All you have to do is use the ``ray.train.torch.prepare_model`` and
``ray.train.torch.prepare_data_loader`` utility functions to
easily setup your model & data for distributed training.
This will automatically wrap your model with ``DistributedDataParallel``
and place it on the right device, and add ``DistributedSampler`` to your DataLoaders.
.. literalinclude:: /../../python/ray/train/examples/torch_quick_start.py
:language: python
:start-after: __torch_distributed_begin__
:end-before: __torch_distributed_end__
Then, instantiate a ``TorchTrainer``
with 4 workers, and use it to run the new training function!
.. literalinclude:: /../../python/ray/train/examples/torch_quick_start.py
:language: python
:start-after: __torch_trainer_begin__
:end-before: __torch_trainer_end__
See :ref:`train-porting-code` for a more comprehensive example.
.. tabbed:: TensorFlow
This example shows how you can use Ray Train to set up `Multi-worker training
with Keras <https://www.tensorflow.org/tutorials/distribute/multi_worker_with_keras>`_.
First, set up your dataset and model.
.. literalinclude:: /../../python/ray/train/examples/tensorflow_quick_start.py
:language: python
:start-after: __tf_setup_begin__
:end-before: __tf_setup_end__
Now define your single-worker TensorFlow training function.
.. literalinclude:: /../../python/ray/train/examples/tensorflow_quick_start.py
:language: python
:start-after: __tf_single_begin__
:end-before: __tf_single_end__
This training function can be executed with:
.. literalinclude:: /../../python/ray/train/examples/tensorflow_quick_start.py
:language: python
:start-after: __tf_single_run_begin__
:end-before: __tf_single_run_end__
Now let's convert this to a distributed multi-worker training function!
All you need to do is:
1. Set the per-worker batch size - each worker will process the same size
batch as in the single-worker code.
2. Choose your TensorFlow distributed training strategy. In this example
we use the ``MultiWorkerMirroredStrategy``.
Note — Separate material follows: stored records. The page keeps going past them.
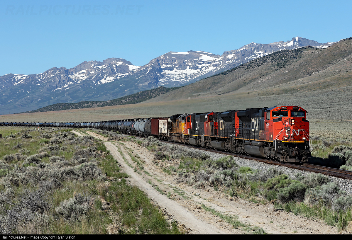 | Westbound between Ruby and Wells, a heavy unit train sails along the former Seventh Subdivision of the Western Pacific as it skirts the Ruby Mountains (which tower over this scene) before joining the paired track mainlines at Alazon. |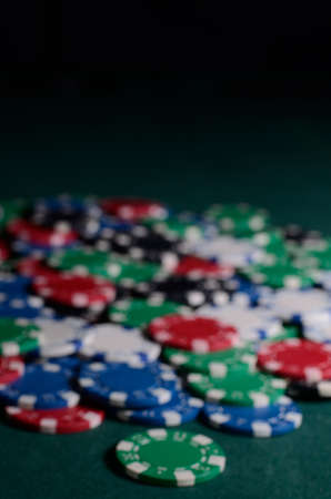 Stack of colorful casino gambling chips on green felt gaming table for exciting game night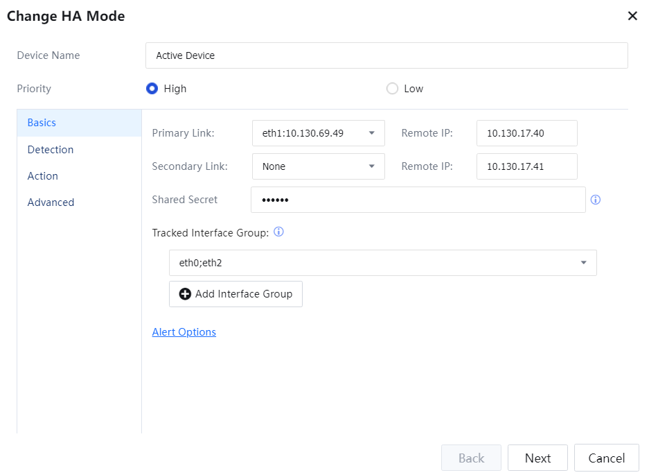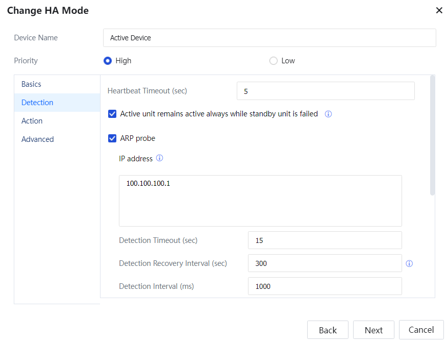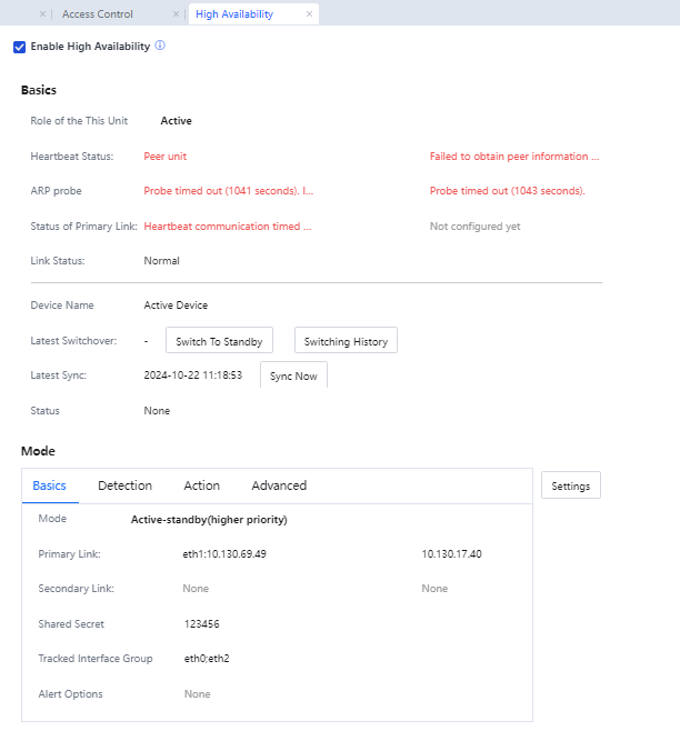 - Select the Active-Standby mode and set related parameters. Navigate to System > Network > High Availability. See the following figure.

.. literalinclude:: /../../python/ray/train/examples/tensorflow_quick_start.py
:language: python
:start-after: __tf_distributed_begin__
:end-before: __tf_distributed_end__
Then, instantiate a ``TensorflowTrainer`` with 4 workers,
and use it to run the new training function!
.. literalinclude:: /../../python/ray/train/examples/tensorflow_quick_start.py
:language: python
:start-after: __tf_trainer_begin__
:end-before: __tf_trainer_end__
See :ref:`train-porting-code` for a more comprehensive example.